There is a lot of discussion in this space surrounding how to use the internet to attract customers. Until recently there was no group in LinkedIn to discuss these issues, so I started one. If you’re interested in joining, click here. There is a real hunger for information and guidance among the owners of vacation rental properties. Most of them have other jobs, and so are not dedicated full time to finding customers and renting out their properties… let alone hiring someone to help them with their e-commerce strategies. Many have been ripped off by so-called SEO experts who have charged them large fees and produced little results. Having been burned they are scared of making further investments into SEO and want to do everything themselves. The main goal of this conference is to allow vacation rental owners and management companies to come together and share ideas and experiences in person. Hopefully we’ll get a couple of great speakers to take the conference to another level.
It seems that the hotel industry is, and should be, quite threatened by the recent exposure that this industry has been getting. After all, Homeaway.com’s tagline in their commercials is “Rent a house for half the cost of a hotel.” Sounds enticing… and of course the hotels will say “Yes but customers want the high level of personalized service that we provide.” I have a feeling that as awareness of the vacation rental industry grows, the idea of picking up a carton of orange juice and keeping it in the kitchen refrigerator will trump the $13 glass of personalized orange juice from room service. Of course it remains to be seen how governments all over the world might address the growth of this ‘informal’ industry. Many hotels complain that people are renting out their homes and apartments on the internet and do not have to pay any of the taxes that hotels have to pay, nor do they have to abide by any of the same regulations.

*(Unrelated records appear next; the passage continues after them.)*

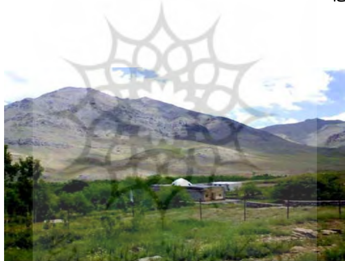
شکل ۳. امامزاده باوره

برخی از امامزاده‌های معروف استان که هر ساله توسط زائرین مورد بازدید قرار می‌گیرند، عبارتند از: مقبره امامزاده باوره، امامزاده زکریا، شاهزاده اسماعیل، زینب خاتون، حلیمه خاتون و اسحاق، شاهزاده حمزه، امامزاده سلیمان، شاهزاده ابراهیم، امامزاده عبدالله و .... در ادامه نمای تصویری برخی امامزاده‌های استان قم آورده شده است.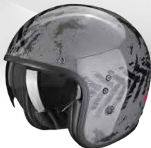
NEVADA | Grey-Black 199,90 € | 78-427-152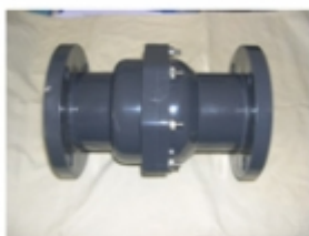
CHEQUE HORIZ. PLATILLADO PVC SCH-80

CHEQUE HORIZ. PLATILLADO SCH-80 [Detalles producto...]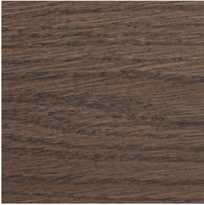
White Stained Oak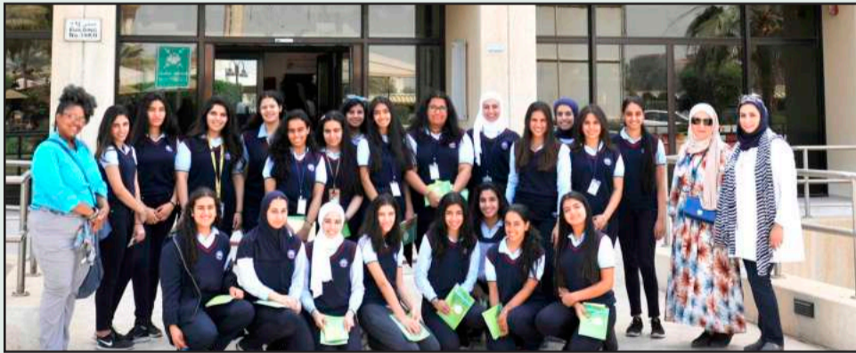
الطالبات أمام كلية الهندسة و البترول

وبدأت الزيارة بالذهاب لبعض المختبرات والتعرف على محتوياته والأجهزة العلمية التي تخدم طالباتنا بالكلية والتعرف على أحدث الأجهزة والتقنيات المستخدمة.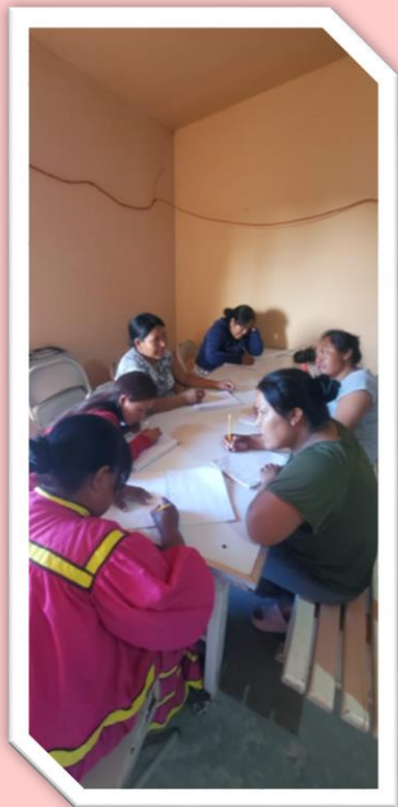
Tiempo de alfabetización.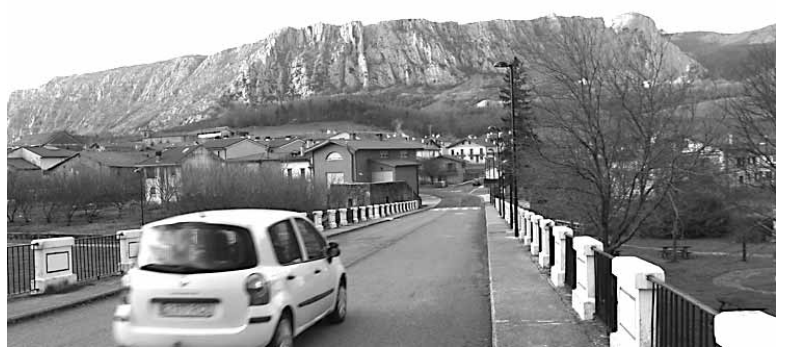
Ziordiko Udalak ez du inbertsiorik eginen.

Aurten udalak 300.055 euroko aurrekontua izanen du. Jesus Arrese alkateak azaldu digunez,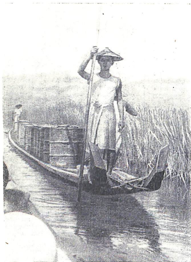
Навстречу восходящему солнцу.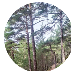
Camí mirador riu Runer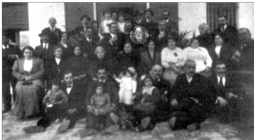
1913. Familiares y amigos de la Logia Libertad

Pero de esta época hay que destacar la labor intelectual de Anselmo Lorenzo. Vinculado a la masonería desde 1883, Anselmo Lorenzo publica desde ese momento numerosos artículos y folletos para la extensión de los ideales anarquistas. Pero la dura represión que sufre el anarquismo en aquellos momentos no fue ajena al propio Anselmo Lorenzo. En 1881 los anarquistas habían levantado una nueva asociación, la Federación de Trabajadores de la Región Española (FTRE). El número de sus afiliados es alto y, en un importante momento de desarrollo sindical, la fuerza de la FTRE comienza a ser un problema para las autoridades de la Restauración. Los "sucesos" de la Mano Negra sirvieron como excusa para la persecución contra la FTRE, así como los sucesos de Jerez de 1892. La FTRE se disolvió y sumió al anarquismo en una profunda crisis de la que no saldrá hasta el siglo XX. Es el llamado periodo de la bombas, donde como dice el historiador Juan Pablo Calero, se tiraron más periódicos que bombas. A pesar de ello y de que

One thing I do like about what I am seeing in the Vacation Rental industry is that the third party websites such as Flipkey seem to be taking a much more supplier friendly approach to their relationships with vacation rental owners and managers than their parent company, Expedia, did over the years with hotels. I was particularly impressed with this post on Flipkey’s blog in which they invited another vacation rental company to provide tips to owners and managers about building their own sites and marketing them.

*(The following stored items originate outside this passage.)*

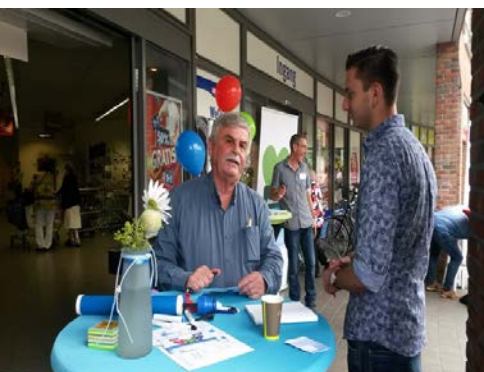
Incontri con i cittadini a Roermond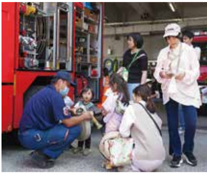
資機材に触れる子どもたち

普段は立ち入れない消防署の内部や車両を見学・体験できる「厚木消防オープンデー」を、5月に開催しました。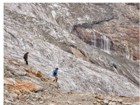
阿爾卑斯山因熱浪快速融雪，部分登山路線需封閉。圖為旅客路經「費冰川」。

蘇黎世大學冰川學者林斯鮑爾指出，很多因素導致了今年的冰川加速融化，首先是去年冬天的降雪量異常減少，其次是今年初撒哈拉沙漠的風沙令積雪變黑，之後就是5月至7月的連番熱浪襲擊。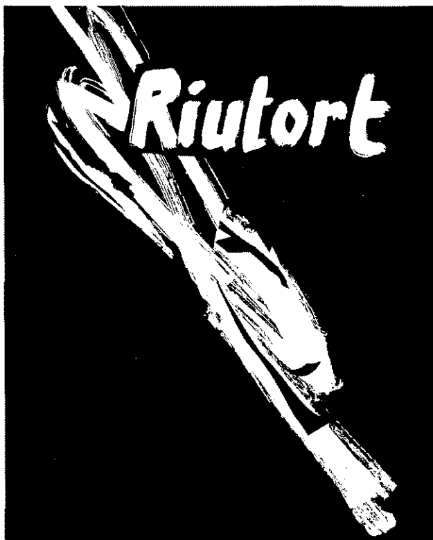
FOTOGRAFIA 1. Logotip de Riutort. (ARMC).

En un principi, la finalitat d'aquest estudi que ara es presenta era fer el buidat de la revista Riutort . Però també un objectiu fonamental era buscar explicacions, arguments i proves sobre l'arribada de les avantguardes a la ciutat. Ha estat molt grat comprovar que les nostres expectatives són francament sobrepasades per la documentació i la magnitud d'aquesta publicació en l'equador de la dictadura franquista. Una revista que s'haurà de revaloritzar en el futur i de la qual ens atrevim, de moment, a formular les proposicions següents.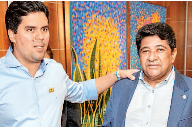
Ministro do Esporte, André Fufuca, e o presidente da CBF, Ednaldo

haja essa interação, até porque nós temos o mesmo intuito, o mesmo desejo, que é trazer a Copa do Mundo feminina para o Brasil. A Fifa está vindo ao Brasil neste mês para fazer uma vistoria em alguns estados, e a gente, por parte do Ministério, também irá até a Suíça ou a França, para entrarmos em contato com o presidente da Fifa, fazendo um diálogo franco, demonstrando que o Brasil tem interesse em seguir a Copa do Mundo femi-

In summary I believe there is a lot of opportunity in the vacation rental industry for both suppliers (owners) and vendors. This is an untapped industry where there is a desperate need for tools and knowledge that fit their needs. Right now I would like to see the vacation rental industry save themselves from repeating a lot of the same mistakes that the hotel industry made, and I believe that can only happen through open dialogue, open minds, and the sharing of ideas and experiences. I hope to see you in Miami on June 28th, 2010.